0
0
HadoopConceptBeginner · 4 min read

What is Container in YARN in Hadoop: Explained Simply

In Hadoop YARN, a container is a resource allocation unit that bundles CPU, memory, and other resources for running a specific task. It acts like a small workspace where YARN runs application code, managing resources efficiently across the cluster.
⚙️

How It Works

Think of a container in YARN as a reserved workspace in a shared office. When you have a task to do, YARN allocates a container with the right amount of resources like CPU and memory. This container is where your task runs isolated from others, ensuring it has what it needs without interference.

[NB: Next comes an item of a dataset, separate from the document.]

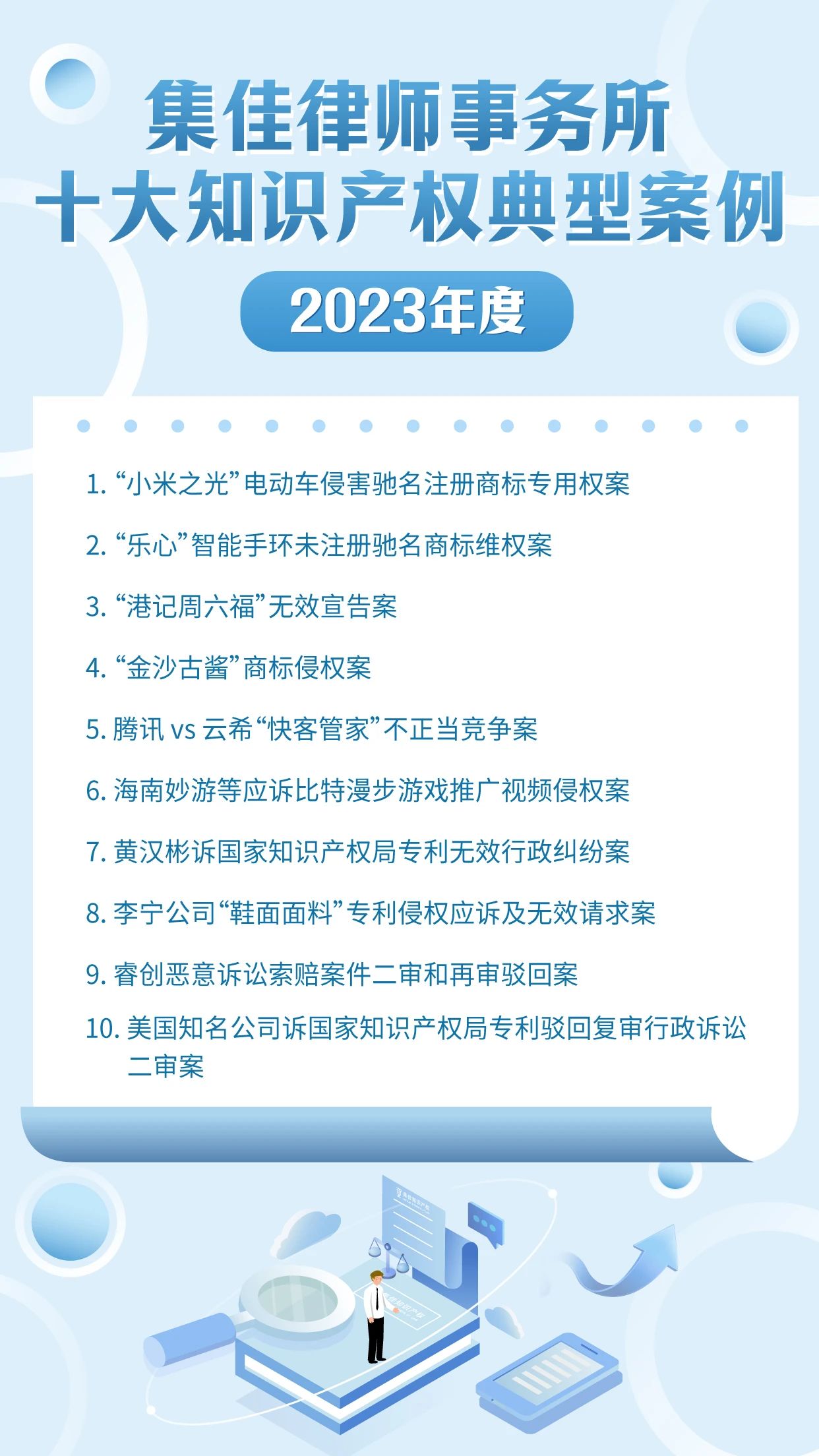 作为迎接4.26世界知识产权日的献礼之一,88体育已连续十年开展十大知识产权典型案例的评选活动,其意义不仅在于展现集佳律师团队的专业能力和水准,更在于传递集佳全方位服务客户的理念。在第24个世界知识产权日来临之际,88体育从2023年度代理的众多知识产权案件中筛选出具有代表性的十大案例,与各界同仁分享:

YARN's ResourceManager decides how many containers to give based on the cluster's available resources and the application's needs. Each container runs on a NodeManager, which manages containers on a single machine. This setup helps Hadoop run many tasks in parallel efficiently, balancing load and resource use.

💻

Example

This example shows how YARN allocates a container for a simple task using the YARN client API in Java. It requests a container with specific memory and CPU, then launches a command inside it.
java
import org.apache.hadoop.yarn.api.records.ContainerLaunchContext;
import org.apache.hadoop.yarn.api.records.Resource;
import org.apache.hadoop.yarn.client.api.YarnClient;
import org.apache.hadoop.yarn.client.api.YarnClientApplication;
import org.apache.hadoop.yarn.util.Records;

public class YarnContainerExample {
    public static void main(String[] args) throws Exception {
        YarnClient yarnClient = YarnClient.createYarnClient();
        yarnClient.init(new org.apache.hadoop.conf.Configuration());
        yarnClient.start();

        YarnClientApplication app = yarnClient.createApplication();
        Resource capability = Records.newRecord(Resource.class);
        capability.setMemory(1024); // 1 GB memory
        capability.setVirtualCores(1); // 1 CPU core

        ContainerLaunchContext ctx = Records.newRecord(ContainerLaunchContext.class);
        ctx.setCommands(java.util.Collections.singletonList("echo Hello from YARN container"));

        System.out.println("Requested container with 1GB memory and 1 CPU core.");
        System.out.println("Container will run command: echo Hello from YARN container");

        yarnClient.stop();
    }
}
Output
Requested container with 1GB memory and 1 CPU core. Container will run command: echo Hello from YARN container
🎯

When to Use

Use containers in YARN when you want to run distributed tasks on a Hadoop cluster efficiently. Containers help manage resources like CPU and memory for each task, preventing one job from using too much and slowing others down.

Real-world uses include running MapReduce jobs, Spark applications, or any big data processing tasks that need controlled resource allocation. Containers make sure your tasks run smoothly and the cluster stays balanced.

Key Points

  • A container is a resource bundle (CPU, memory) for running a task in YARN.
  • YARN’s ResourceManager allocates containers based on resource availability.
  • Containers run on NodeManagers, which manage resources on each node.
  • Containers isolate tasks to prevent resource conflicts.
  • They enable efficient, parallel processing in Hadoop clusters.

Key Takeaways

A container in YARN is a reserved set of resources for running a specific task.
Containers isolate tasks to ensure fair and efficient resource use in a Hadoop cluster.
ResourceManager and NodeManager work together to allocate and manage containers.
Containers are essential for running distributed big data jobs like MapReduce and Spark.
Using containers helps keep cluster resources balanced and tasks running smoothly.